Has anyone used yarrow as a fertiliser, and which is the best part of the plant to use--just the leaves and stalk or the whole plant, including the roots?
In addition to its use as an herbal tea remedy for fighting off colds and flu, or its appearance in fresh or dry flower arrangements, yarrow can indeed be used as both a fertilizer and compost activator. Adding yarrow leaves to your compost pile will speed up the decomposition process, even in small amounts (It's believed that just one finely chopped yarrow leaf can produce the same results as a wheelbarrow full of compost). As fertilizer, the essential oils from its chopped leaves can boost the quality of your garden soil.
Hi Nikki and thanks for the data but I still do not know anyhing about which part is the best to use. Maybe I should just do as I do with my Confrey; chop the leaves and stalks coarsely, put in a sack, soak for a month and dilute to the usual weak tea colour for liquid manures.
Just the finely chopped or crushed leaves should be sufficient.
HI Nikki and thanks for the reply, my task for today is to harvest a bag of Yarrow from a patch on the edge of the bush near home. I note that the roots of Yarrow are similar to those of Coriander and from my cooking book notes, the roots of coriander are are very potent and i wonder if the same aplies to Yarrow. Do you have any information on the identity of the chemical/s in Yarrow which make it so potent?
Thanks Nikki for your response but I wonder, if Yarrow is so potent, why has not some agricultural chemist identified the chemicals, synthesised them and made a fortune?
Actually, there are some products on the market, such as Q.R. Compost Activator (made in England by Chase Organics), that contain yarrow. This plant also has a long history of use in herbal medicine.
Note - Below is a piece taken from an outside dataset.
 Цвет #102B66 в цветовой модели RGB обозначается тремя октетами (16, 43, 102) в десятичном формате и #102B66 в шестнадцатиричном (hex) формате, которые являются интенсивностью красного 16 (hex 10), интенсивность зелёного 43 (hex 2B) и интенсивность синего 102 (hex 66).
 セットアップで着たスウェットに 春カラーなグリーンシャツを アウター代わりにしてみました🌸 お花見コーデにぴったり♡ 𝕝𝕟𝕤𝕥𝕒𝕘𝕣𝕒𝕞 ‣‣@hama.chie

Ni Nikki, thanks again for the info and "introducing" me to Chase Organics, their web site is great. I collected a sack of yarrow yesterday, chopped and added to my current half built compost heap, Today's task is to cover it with some old compost and water the pile with undiluted kelp seaweed and comfrey brew. I completed an Organic Horticulture certificate two years ago as I had to change my gardens to No Dig as a heart attack has robed me of the ability to dig and I needed to expand my organic know how. The WWW has been great but it is the practical advice from organic gardeners like yourself which is the greatest source of help. Task 2 for today is to collect more seaweed to dry out before chopping in my mulcher and soaking some in a sack in liquid manure bin #2 and mulching my tomatoes with the rest as I find the slow release of seaweed constituents keeps most of the bugs away. Thanks again for the help,
I have beautiful yarrow, but of course, it is very invasive and I would like to keep it in one area.
The easiest way to to make sure that you cut the seed heads off after they fade. Most cultivated varieties of yarrow do not become invasive, but common yarrow (the white kind) can become invasive and you need to be diligent about removing seed heads to keep it in check.
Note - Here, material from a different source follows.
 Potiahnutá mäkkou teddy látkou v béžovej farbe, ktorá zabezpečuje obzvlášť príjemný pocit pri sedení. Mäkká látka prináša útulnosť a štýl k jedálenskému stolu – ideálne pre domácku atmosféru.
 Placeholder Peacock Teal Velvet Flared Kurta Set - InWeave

There is a yarrow weed in with my flower garden. Should I pull it out?
That is up to you. A weed is really only a plant you don't want in your flower bed. If you like the plant, leave it. If you don't like it, pull it out.
We have a lot of ants in our garden, and they seem partial to make their nests under the yarrow plants. Is this common? These plants are not doing well. Thanks
It is likely the plants are being affected by aphids. They are very small insects that suck the sap out of the plant. The ants use aphids like cows, and will "milk" them for the sweet honeydew they excrete. The ants will set up a colony near the aphid population to make the trip to care for them shorter.
This article will help with the aphids:
Once the aphids are gone, this article will help with the ants:
Is there a way to keep yarrow blooms pink instead of turning white?
Yarrow, along with other flowers, fade as they age.